SUPREME COURT REPORTS ANNOTATED

Salas vs. Court of Appeals

G.R. No. 76788. January 22, 1990.*

JUANITA SALAS, petitioner, vs. HON. COURT OF APPEALS and FILINVEST FINANCE &
LEASING CORPORATION, respondents.
Commercial Law; Negotiable Instruments Law; The instrument in order to be considered
negotiable must contain the so-called “words of negotiability i.e., must be payable to
‘order’ or ‘bearer’ ”.—Among others, the instrument in order to be considered negotiable
must contain the so-called “words of negotiability___i.e., must be payable to ‘order’ or
‘bearer’. ” Under Section 8 of the Negotiable Instruments Law, there are only two ways
by which an instrument may be made payable to order.
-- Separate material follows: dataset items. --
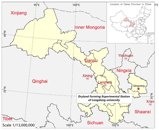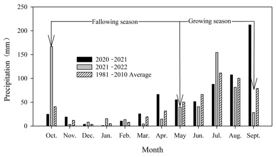 The experimental site is located in the Dryland Farming Experimental Station of Longdong University (35°43′ N, 107°41′ E, altitude 1421 m) (Figure 1), Xifeng District, Qingyang City, Gansu Province, China, which belongs to the gully area of the Longdong Loess Plateau. It belongs to a temperate continental semi-arid climate, with annual average temperatures of 8~10 °C [21], and annual average precipitation of 527.6 mm (precipitation data from Qingyang Meteorological Bureau) (Figure 2). The precipitation is concentrated in July~September, the interannual change rate is large [3]. The average annual pan evaporation is 1504 mm [21]. The total annual sunshine is 2400~2600 h, and the effective active accumulated temperature of ≥5 °C is 3445 °C. The annual frost-free period is 150~190 days [30], and the precipitation amounts in 2021 and 2022 were 796.4 and 449.6 mm, respectively (precipitation data from Qingyang Meteorological Bureau) (Figure 2). The soil is classified as Heilu (a very deep loess sandy loam of the Los Orthic Entisols) based on the FAO soil classification. The average soil bulk density was 1.23 g/cm3, the soil organic matter content of 0–30 cm in the test site was 12.08 g/kg, the alkaline hydrolyzable nitrogen was 75.5 mg/kg, the available phosphorus was 19.21 mg/kg, and the available potassium was 140.85 mg/kg in 2021. It was maize monoculture in 2020, 2021, and 2022.
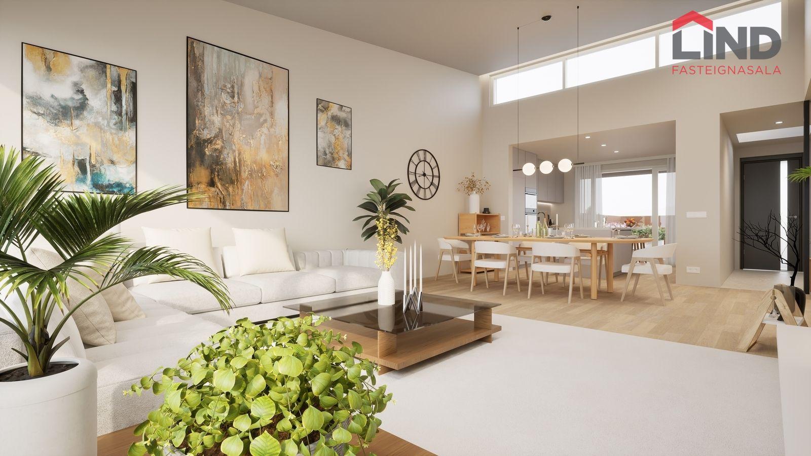 Borðstofa/stofa: Rúmgott og bjart alrými. Stórir gluggar sem gefa fallega birtu inní rýmið, hátt til lofts. Loftadúkur með innfeldri lýsingu. Auka lagnaleiðir voru lagðar að öllum gluggum, svo auðvelt sé að snjallvæða húsið.
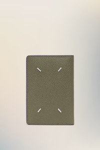 The cardholder has four card slots and sections for notes. It is crafted from grainy leather with the logo inside. Maison Margiela's signature, the four stitches, appear on the back; the opposite of a label. Product Details Item ID S55UI0203P4745T7429 Material Composition Primary Fabric: 100% Calf Leather Inside: 100% Calf Leather Lining: 100% Viscose Grainy leather card holder Two flat slip pockets Four interior card slots Maison Margiela signature at the interior Four stitches at the back Made in Italy
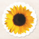 Pretty scalloped pulp board paper coasters, with a big yellow sunflower bloom on a white background. Great for anytime use and makes a nice gift idea.
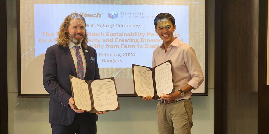 A memorandum of understanding was signed on February 15 by Dr. Mark Lyons, president and chief executive officer of Alltech; Jonathan Forrest Wilson, president of Alltech Asia-Pacific; Ho Ren Hua, CEO of Thai Wah; and Hataikan Kamolsirisakul, chief of staff and AVP for strategy, sustainability and innovation at Thai Wah.
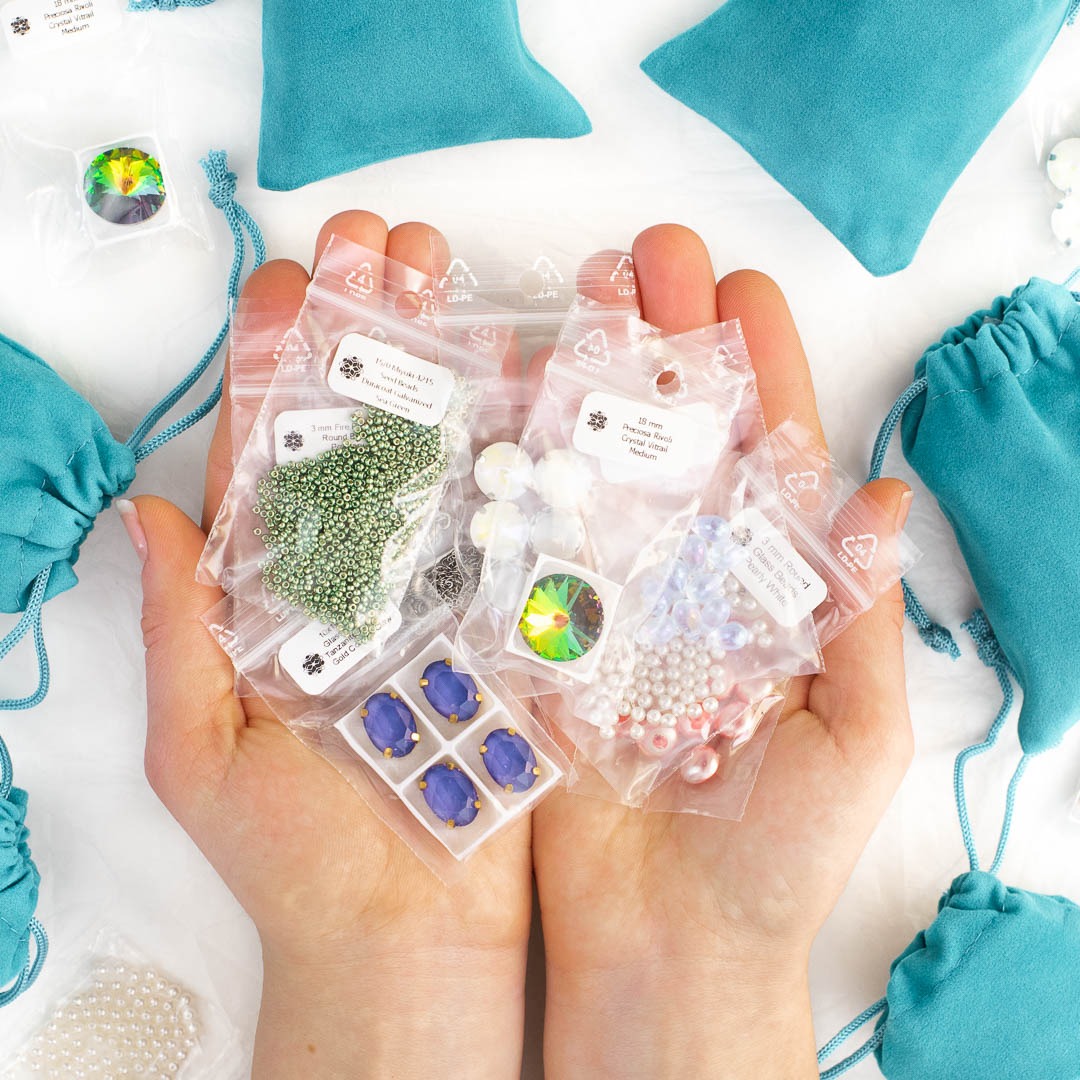 P.P. Turquoise Bag : 10-12 items, including Preciosa Rivoli (that were discontinued recently 😱) and something new that you can’t yet find in the Bead Shop!

There must always be a
specified person named in the instrument and the bill or note is to be paid to the person
designated in the instrument or to any person to whom he has indorsed and delivered
the same. Without the words “or order” or “to the order of”, the instrument is payable only
to the person designated therein and is therefore non-negotiable. Any subsequent
purchaser thereof will not enjoy the advantages of being a holder of a negotiable
instrument, but will merely “step into the shoes” of the person designated in the instrument
and will thus be open to all defenses available against the latter.

Same; Same; Same; The requisites under the law having been complied with, the
questioned promissory note shows that it is a negotiable instrument.—A careful study of
the questioned promissory note shows that it is a negotiable instrument, having complied
with the requisites under the law as follows: [a] it is in writing and signed by the maker
Juanita Salas; [b] it contains an unconditional promise to pay the amount of P58,138.20;
[c] it is payable at a fixed or determinable future time which is “P1,614.95 monthly for 36
months due and payable on the 21st day of each month starting March 21, 1980 thru
and inclusive of Feb. 21, 1983;” [d] it is payable to Violago Motor Sales Corporation, or
order and as such, [e] the drawee is named or indicated with certainty.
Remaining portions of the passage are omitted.